Place the roast in the CrockPot and sprinkle with kosher salt and black pepper. Mix all the other ingredients together and pour over the roast. Cover and cook on high for 4-5 hours or low for 7-8 hours.

Once the roast is cooked, remove and shred. Pour the gravy into a large saucepan (I just use my dutch oven) and boil on high heat until reduced by half. At this point, you can add the roast to the gravy and serve on sandwiches or you can ladle the the gravy over the meat and some mashed potatoes. Either way, YUM!

Easy, right? Enjoy!

Sunday, September 30, 2012

Chicken Tortilla Soup


Hubby started a new shift last week, and we've been struggling. We went from graveyard to swing, so we're missing a lot of our family time in the afternoon. And I'm missing the time I got to plan and cook dinner every day. Now, I have to decide what we're going to eat the day before and have to do prep work before bed so that it is ready in time for him to go to work. I'm not loving it, but that's the life, and we're hoping it's only temporary.
Yay for Instagram! This was after we ate-not enough left over!

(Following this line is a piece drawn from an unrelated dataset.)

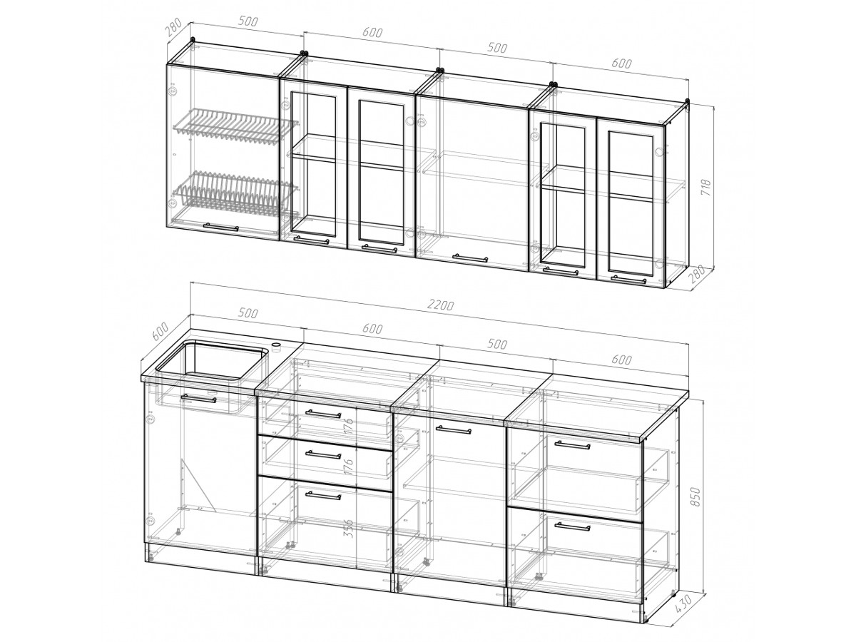 Внимание: стеновая панель, мойка, смеситель и посудосушители в комплекты гарнитура не входят.

This recipe wasn't really an option as is, since we don't have time for slow cooker meals, unless I'm going to get up at 4am to make them. No thanks. But the soup looked so good that I decided to adapt the recipe for my Dutch oven, which just happens to be my favorite kitchen tool ever. Other than cooking the chicken the night before, this came together really quickly and was amazingly delicious. Hubby claims it's his new favorite soup-he liked it even more than my chicken noodle soup-and that's really saying something! The only change I will make next time is doubling the recipe. There just wasn't enough left over!
Chicken Tortilla Soup
*Adapted from Baked by Rachel (see the link for the slow cooker instructions)

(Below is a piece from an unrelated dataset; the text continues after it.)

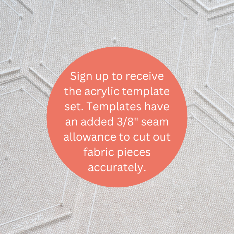 We offer a matching set of shapes we use in the quilt made of acrylic, these have a 3/8" seam allowance added which allows you to accurately cut your fabrics either by drawing around and cutting out with scissors or a rotary cutter. These are not necessary to complete the club, as we also provide sub-cutting instructions for every fabric sent to you in each kit, however they are popular with our customers. Please select the option from our drop down menu below. The 6-piece acrylic fabric cutting template set will be charged in your first payment and included in your first month’s box, RRP price of over £28.75, with a special 20% off for club members priced at £25.88 (International £21.57).

3 chicken breasts, cooked with homemade taco seasoning, salt and pepper, and shredded**
1 tbsp butter
1 tbsp olive oil
15oz can sweet corn, drained
15oz can diced tomatoes, drained
5 cups chicken stock
3/4 cup yellow onion, finely diced (about half a medium onion)
1 medium green bell pepper, diced
1 serrano pepper, ribs and seeds removed and minced
2 cloves garlic, minced
1/2 heaping teaspoon chili powder
Kosher salt and pepper
Tiny pinch of sugar
Monterey Jack cheese, shredded
Seasoned tortilla strips
Sour cream
Cilantro 
Green onions, chopped

Melt butter and olive oil in a 5-quart Dutch oven on medium heat. Add diced onions and cook for 5-7 minutes, until softened. Add diced bell pepper and cook for another 3-5 minutes, stirring frequently. Season lightly with salt and pepper. 

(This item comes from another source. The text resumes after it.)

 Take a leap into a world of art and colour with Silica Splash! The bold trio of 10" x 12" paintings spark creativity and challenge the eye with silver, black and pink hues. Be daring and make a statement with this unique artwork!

Add minced garlic and serrano pepper and cook for 1 minute. Pour in 5 cups of chicken broth. Add cooked shredded chicken, corn, and diced tomatoes. Season again with salt and pepper, then add chili powder and a pinch of sugar. Bring to a boil and continue boiling for 20 minutes at medium-high heat, stirring frequently. Reduce heat and simmer for another 15-20 minutes or until ready to serve. Taste for seasoning and add more salt and pepper, if necessary.

Serve with a dollop of sour cream mixed in, then top with cheese, tortilla strips, cilantro, and chopped green onions. Enjoy!
**How to cook the chicken: I start with frozen chicken breasts. Place each one in a foil packet and top with a small drizzle of olive oil, a sprinkle of taco seasoning and salt and pepper. Close up the packets and bake at 375º for 45-65 minutes (for frozen chicken), or until the juices run clear. Shred in a stand mixer with a paddle attachment.